Task inputs
★ ★ ★
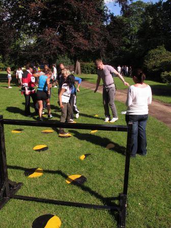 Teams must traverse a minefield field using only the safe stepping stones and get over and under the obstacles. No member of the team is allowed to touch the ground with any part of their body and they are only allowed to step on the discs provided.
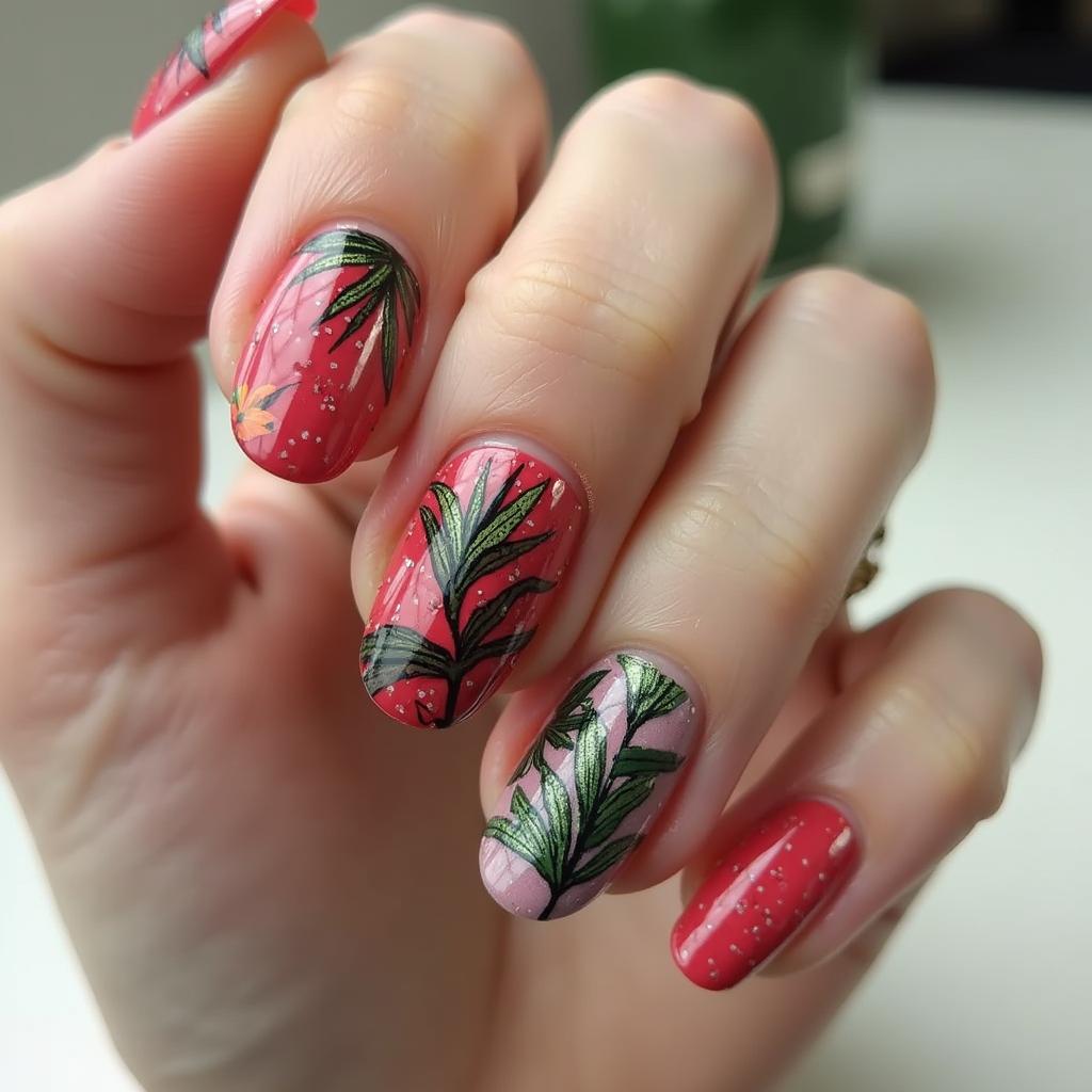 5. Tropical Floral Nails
★ ★ ★
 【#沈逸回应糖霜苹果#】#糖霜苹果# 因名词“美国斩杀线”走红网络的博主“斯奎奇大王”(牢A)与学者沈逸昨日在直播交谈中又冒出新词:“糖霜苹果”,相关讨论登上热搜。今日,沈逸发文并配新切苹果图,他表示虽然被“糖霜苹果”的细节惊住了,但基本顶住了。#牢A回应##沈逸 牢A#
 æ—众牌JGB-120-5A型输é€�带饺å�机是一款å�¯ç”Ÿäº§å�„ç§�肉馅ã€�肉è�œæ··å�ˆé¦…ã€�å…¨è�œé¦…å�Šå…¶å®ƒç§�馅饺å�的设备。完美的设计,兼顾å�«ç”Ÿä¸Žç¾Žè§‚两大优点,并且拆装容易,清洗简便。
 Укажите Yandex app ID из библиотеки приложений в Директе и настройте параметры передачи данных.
★ ★ ★
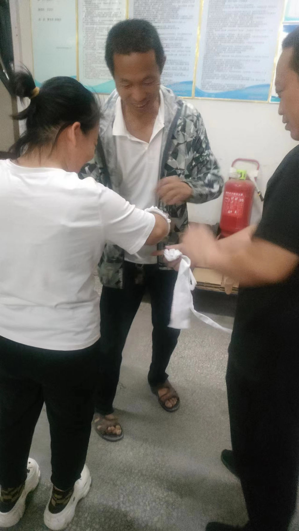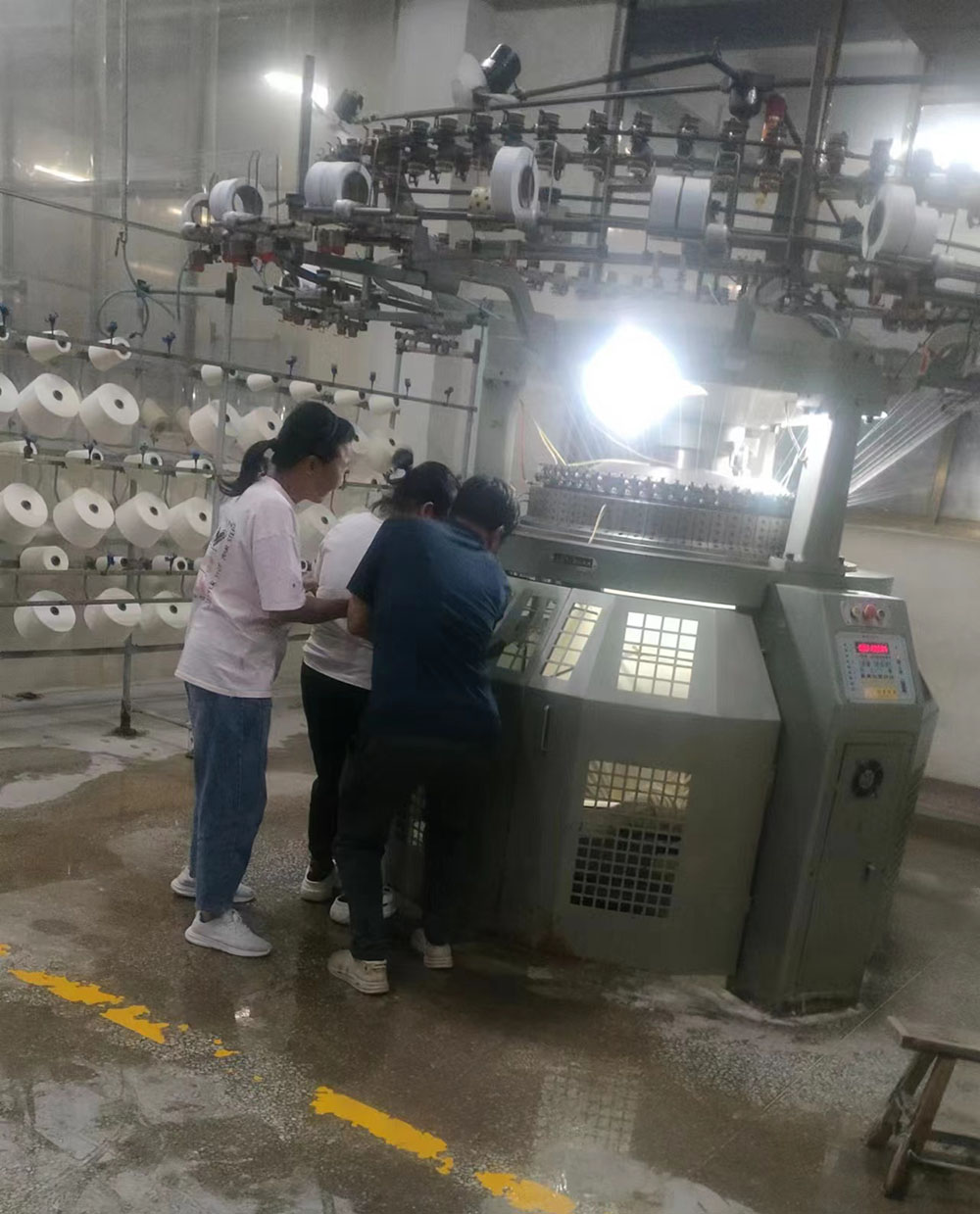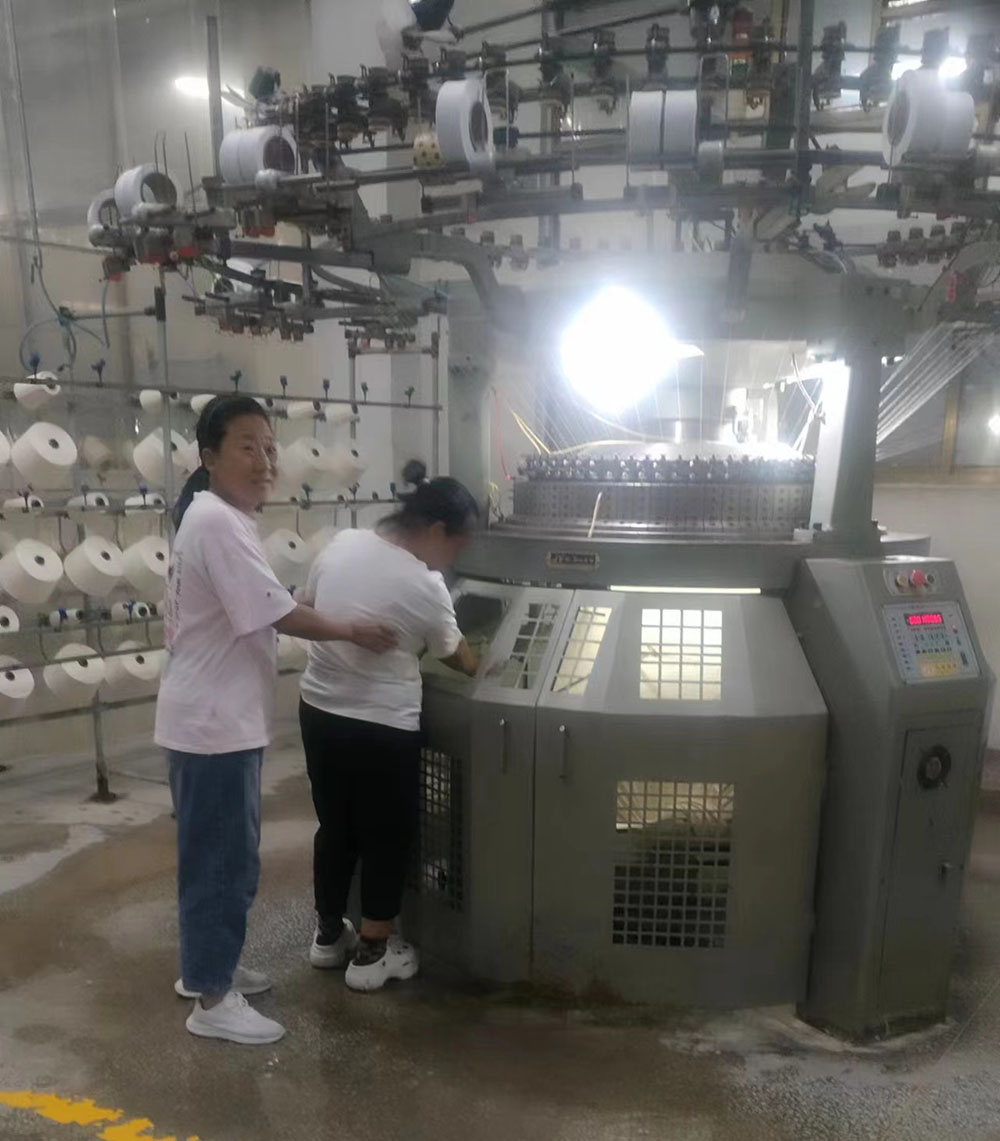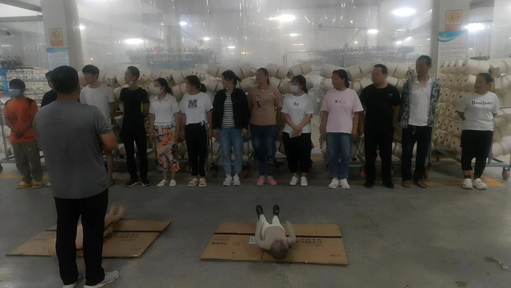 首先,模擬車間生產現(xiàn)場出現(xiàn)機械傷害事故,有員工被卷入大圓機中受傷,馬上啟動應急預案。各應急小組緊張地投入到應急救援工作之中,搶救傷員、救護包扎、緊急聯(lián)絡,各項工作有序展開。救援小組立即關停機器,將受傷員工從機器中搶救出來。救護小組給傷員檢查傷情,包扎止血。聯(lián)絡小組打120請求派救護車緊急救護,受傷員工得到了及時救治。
★ ★ ★
Above are the records; print exactly the lines from the line with "æ—众牌JGB-120-5A" to the line with "Укажите Yandex app", including both, and nothing else.

 æ—众牌JGB-120-5A型输é€�带饺å�机是一款å�¯ç”Ÿäº§å�„ç§�肉馅ã€�肉è�œæ··å�ˆé¦…ã€�å…¨è�œé¦…å�Šå…¶å®ƒç§�馅饺å�的设备。完美的设计,兼顾å�«ç”Ÿä¸Žç¾Žè§‚两大优点,并且拆装容易,清洗简便。
 Укажите Yandex app ID из библиотеки приложений в Директе и настройте параметры передачи данных.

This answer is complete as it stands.